• EXERCISE: Leaving out the pictures, retype the lines from the top of the listing through the line with "Комплектация: весы, гири, набор продуктов" exactly.

• RECORDS FOR THIS EXERCISE:
● ● ● ● ●

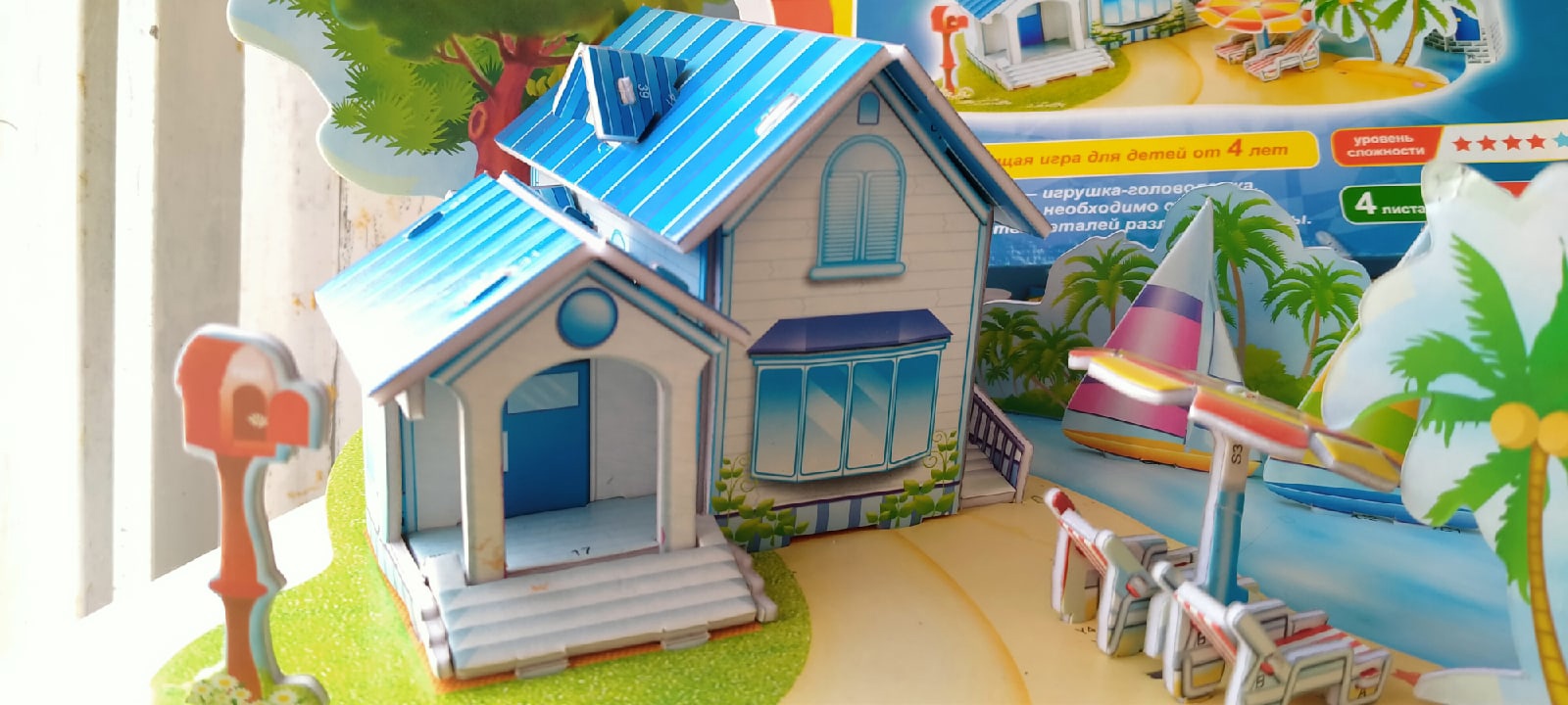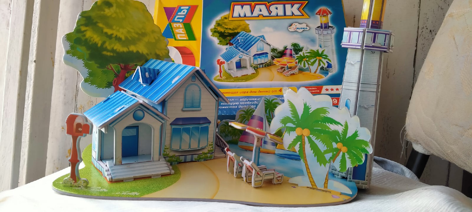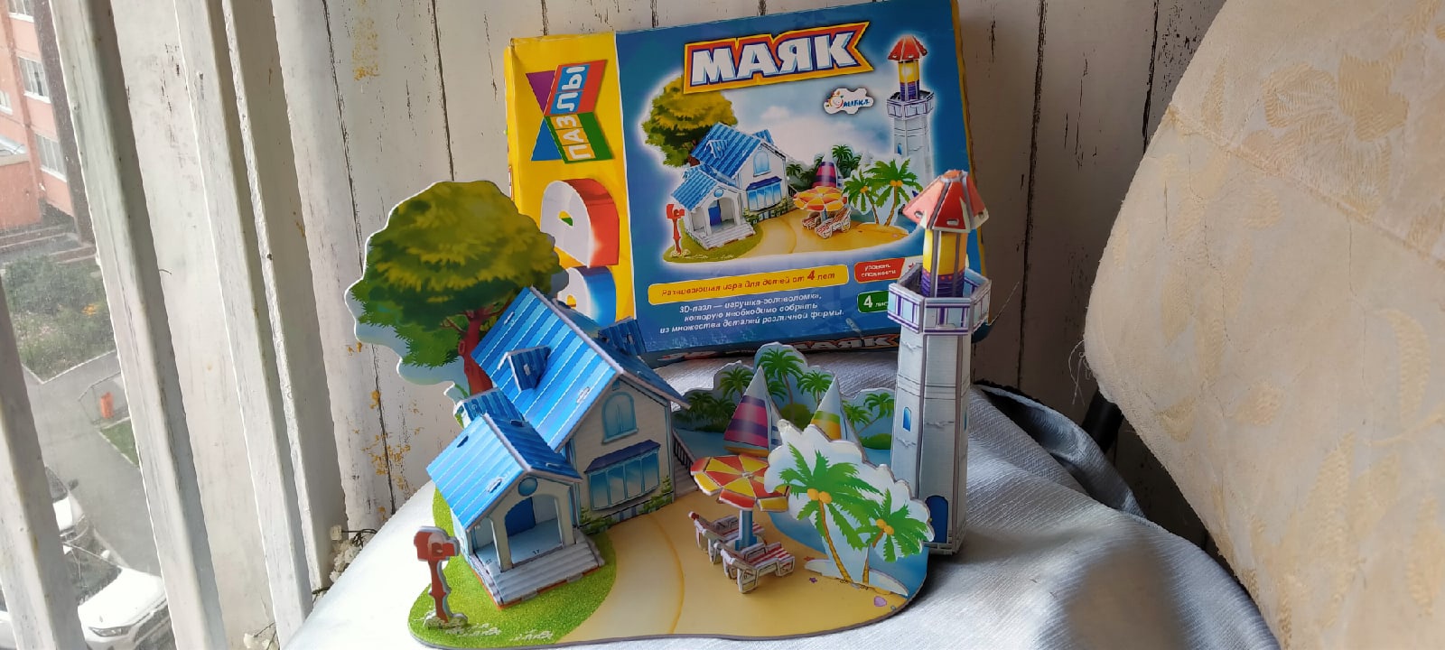 Собирали всей семьей. Дети собирали лежаки, зонтик и устанавливали на основание готовые детали. А взрослые уже собирали домик и помогали в сборке маяка. Оказалось сложнее, чем мы думали. Но было очень интересно! Клей и ножницы в этом наборе не нужны, все детали готовы к использованию, нужно только сгибать в нужных местах. Детальки сделаны из картона (с пропененным материалом внутри), толстенькие, объемные. На детальках написаны цифры, помогающие в сборке.
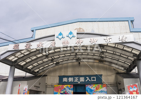 塩釜水産物仲卸市場の入口看板(宮城県塩釜市)
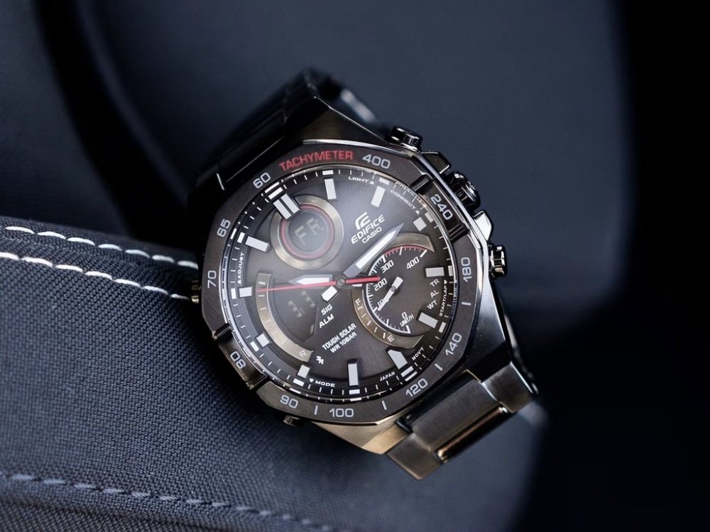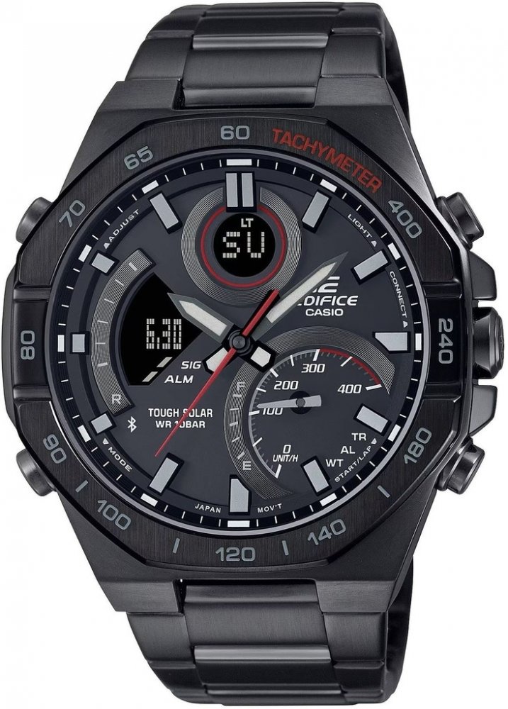 Podrobnosti o produktu ECB-950DC-1AEF Solární napájení a propojení s Bluetooth, to jsou sportovní hodinky značky Casio z řady Edifice jako stvořené pro závodníky. Hodinky jsou vyrobené z oceli, která je potažena PVD vrstvou v černé barvě. Z funkcí, které jsou u navíc , můžete využít například kontrola stavu baterie, tón tlačítek (lze vypnout), ukazatel rychlosti či automatická kalibrace ručiček.
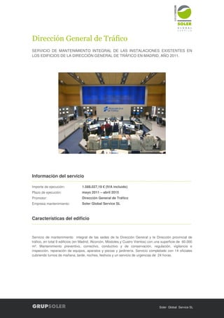 Este documento resume un contrato de mantenimiento integral de las instalaciones de la Dirección General de Tráfico en Madrid entre 2011 y 2015. Soler Global Service SL se encargó del mantenimiento de 9 edificios con una superficie total de 60.000 m2 por un importe de 1.588.027,19 euros. El mantenimiento incluía tareas preventivas, correctivas, de conservación, regulación, vigilancia, inspección y reparación de equipos así como jardinería, cubriendo turnos las 24 horas del día los 7 días de la semana.
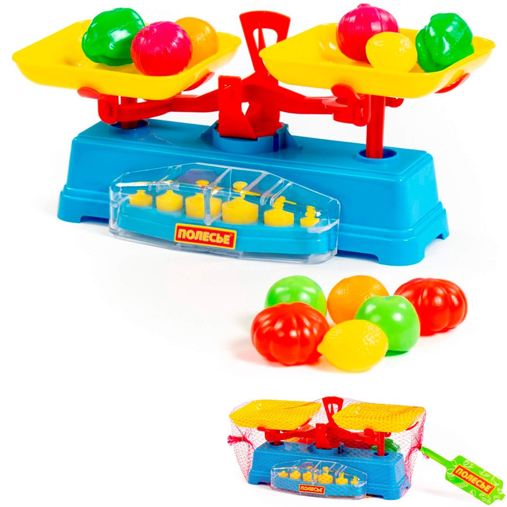 Комплектация: весы, гири, набор продуктов
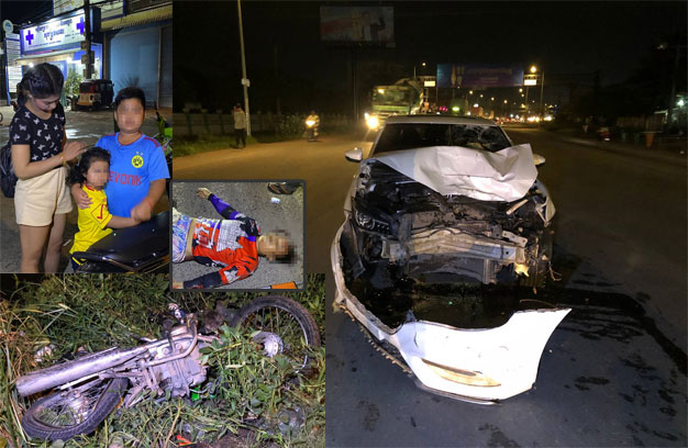 ភ្នំពេញ ៖ បុរសម្នាក់ បានក្រោកតាំងពីវេលាទៀបភ្លឺ ជិះម៉ូតូសំដៅទៅទិញបន្លែនៅផ្សារដើមគ យកមកទុកលក់ ដូរមុខរោងចក្រ ស្រាប់តែត្រូវរថយន្ត ១គ្រឿង បើកបរទាំងស្ថានភាពស្រវឹង និងប្រើប្រាស់ល្បឿនលឿនជ្រុល មកបុកចំពីមុខពេញទំហឹង បណ្តាលឱ្យស្លាប់ចោលប្រពន្ធ និងកូនតូច២នាក់ យ៉ាងអាណោចអាធ័ម។

● ● ● ● ●

• SOLUTION TO THIS PROBLEM:
 Собирали всей семьей. Дети собирали лежаки, зонтик и устанавливали на основание готовые детали. А взрослые уже собирали домик и помогали в сборке маяка. Оказалось сложнее, чем мы думали. Но было очень интересно! Клей и ножницы в этом наборе не нужны, все детали готовы к использованию, нужно только сгибать в нужных местах. Детальки сделаны из картона (с пропененным материалом внутри), толстенькие, объемные. На детальках написаны цифры, помогающие в сборке.
 塩釜水産物仲卸市場の入口看板(宮城県塩釜市)
 Podrobnosti o produktu ECB-950DC-1AEF Solární napájení a propojení s Bluetooth, to jsou sportovní hodinky značky Casio z řady Edifice jako stvořené pro závodníky. Hodinky jsou vyrobené z oceli, která je potažena PVD vrstvou v černé barvě. Z funkcí, které jsou u navíc , můžete využít například kontrola stavu baterie, tón tlačítek (lze vypnout), ukazatel rychlosti či automatická kalibrace ručiček.
 Este documento resume un contrato de mantenimiento integral de las instalaciones de la Dirección General de Tráfico en Madrid entre 2011 y 2015. Soler Global Service SL se encargó del mantenimiento de 9 edificios con una superficie total de 60.000 m2 por un importe de 1.588.027,19 euros. El mantenimiento incluía tareas preventivas, correctivas, de conservación, regulación, vigilancia, inspección y reparación de equipos así como jardinería, cubriendo turnos las 24 horas del día los 7 días de la semana.
 Комплектация: весы, гири, набор продуктов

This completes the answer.